Assessing long short-term memory network significant wave height forecast efficacy in the Caribbean Sea and Northwestern Atlantic Ocean
Abstract
Precise wave forecasts are crucial, but few studies have directly tested artificial intelligence forecast efficacies in different wave regimes. Using ten years of buoy observations and Simulating WAves Nearshore (SWAN) simulations, the wave climates of the Caribbean Sea (CS) and Northwestern Atlantic Ocean (NWAO) are studied from 2010 to 2019. SWAN simulations are used to replace fragmentary buoy observations and then forecasting using the Long Short-Term Memory (LSTM) network is initiated on six sites throughout the CS and NWAO. Although expected, results illustrate that regardless of test site, LSTM forecasts were highly accurate, reaching correlation values of >0.8, root-mean-square errors <0.4 m, and mean average percentage errors of <14% up to 12-hr forecast horizons.
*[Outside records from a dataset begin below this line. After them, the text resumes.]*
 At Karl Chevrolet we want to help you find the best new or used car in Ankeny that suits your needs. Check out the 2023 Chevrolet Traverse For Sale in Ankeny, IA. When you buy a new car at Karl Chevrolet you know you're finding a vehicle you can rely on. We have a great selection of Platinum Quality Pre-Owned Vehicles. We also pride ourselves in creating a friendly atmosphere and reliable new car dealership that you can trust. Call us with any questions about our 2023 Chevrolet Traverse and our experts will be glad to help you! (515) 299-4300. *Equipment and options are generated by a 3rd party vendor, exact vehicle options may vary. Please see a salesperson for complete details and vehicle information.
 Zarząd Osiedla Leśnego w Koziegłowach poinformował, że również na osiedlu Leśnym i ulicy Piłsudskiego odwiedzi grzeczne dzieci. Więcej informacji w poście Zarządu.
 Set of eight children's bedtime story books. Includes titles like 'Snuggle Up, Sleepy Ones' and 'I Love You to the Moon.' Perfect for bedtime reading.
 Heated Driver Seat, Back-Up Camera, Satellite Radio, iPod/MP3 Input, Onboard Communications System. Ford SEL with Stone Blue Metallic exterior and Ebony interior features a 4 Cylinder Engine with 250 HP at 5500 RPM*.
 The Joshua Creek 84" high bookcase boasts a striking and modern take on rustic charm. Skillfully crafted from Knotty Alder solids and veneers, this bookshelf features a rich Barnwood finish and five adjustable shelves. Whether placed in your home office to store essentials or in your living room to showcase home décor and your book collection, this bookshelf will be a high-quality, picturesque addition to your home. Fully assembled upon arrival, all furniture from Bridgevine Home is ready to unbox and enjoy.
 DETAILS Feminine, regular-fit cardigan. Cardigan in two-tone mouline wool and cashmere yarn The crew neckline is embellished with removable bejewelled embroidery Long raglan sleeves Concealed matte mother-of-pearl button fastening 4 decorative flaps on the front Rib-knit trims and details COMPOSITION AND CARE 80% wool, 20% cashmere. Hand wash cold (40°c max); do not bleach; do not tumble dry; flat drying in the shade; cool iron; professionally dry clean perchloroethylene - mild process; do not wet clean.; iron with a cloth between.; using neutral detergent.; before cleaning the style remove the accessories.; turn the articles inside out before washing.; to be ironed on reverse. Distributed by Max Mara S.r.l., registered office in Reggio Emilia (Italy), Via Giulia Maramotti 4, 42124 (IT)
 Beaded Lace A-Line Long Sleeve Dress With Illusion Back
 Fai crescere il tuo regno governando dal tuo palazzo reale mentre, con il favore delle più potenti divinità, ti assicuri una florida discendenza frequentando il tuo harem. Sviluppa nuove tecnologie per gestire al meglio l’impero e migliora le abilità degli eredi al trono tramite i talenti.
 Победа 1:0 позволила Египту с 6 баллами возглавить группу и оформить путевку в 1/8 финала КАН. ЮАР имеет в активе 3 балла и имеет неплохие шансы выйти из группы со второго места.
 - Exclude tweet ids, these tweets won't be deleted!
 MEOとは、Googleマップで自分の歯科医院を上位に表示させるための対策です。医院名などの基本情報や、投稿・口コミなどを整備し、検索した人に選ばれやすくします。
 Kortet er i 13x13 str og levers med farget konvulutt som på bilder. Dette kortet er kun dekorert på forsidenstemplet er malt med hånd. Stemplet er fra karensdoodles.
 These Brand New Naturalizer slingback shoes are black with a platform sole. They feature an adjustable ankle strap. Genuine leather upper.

Location-specific geographic and metocean attributes led to divergent forecast outcomes between test sites. Forecast correlations were higher near, but not directly under the Caribbean Low-Level Jet, leading to the best forecast results in the western CS, followed by the central CS, and was poorest in the NWAO. It was conclusively determined NWAO and CS wave fields are sufficiently different to ensure that forecasting using information from either subregion on its counterpart would lead to low correlations and unacceptably high levels of error.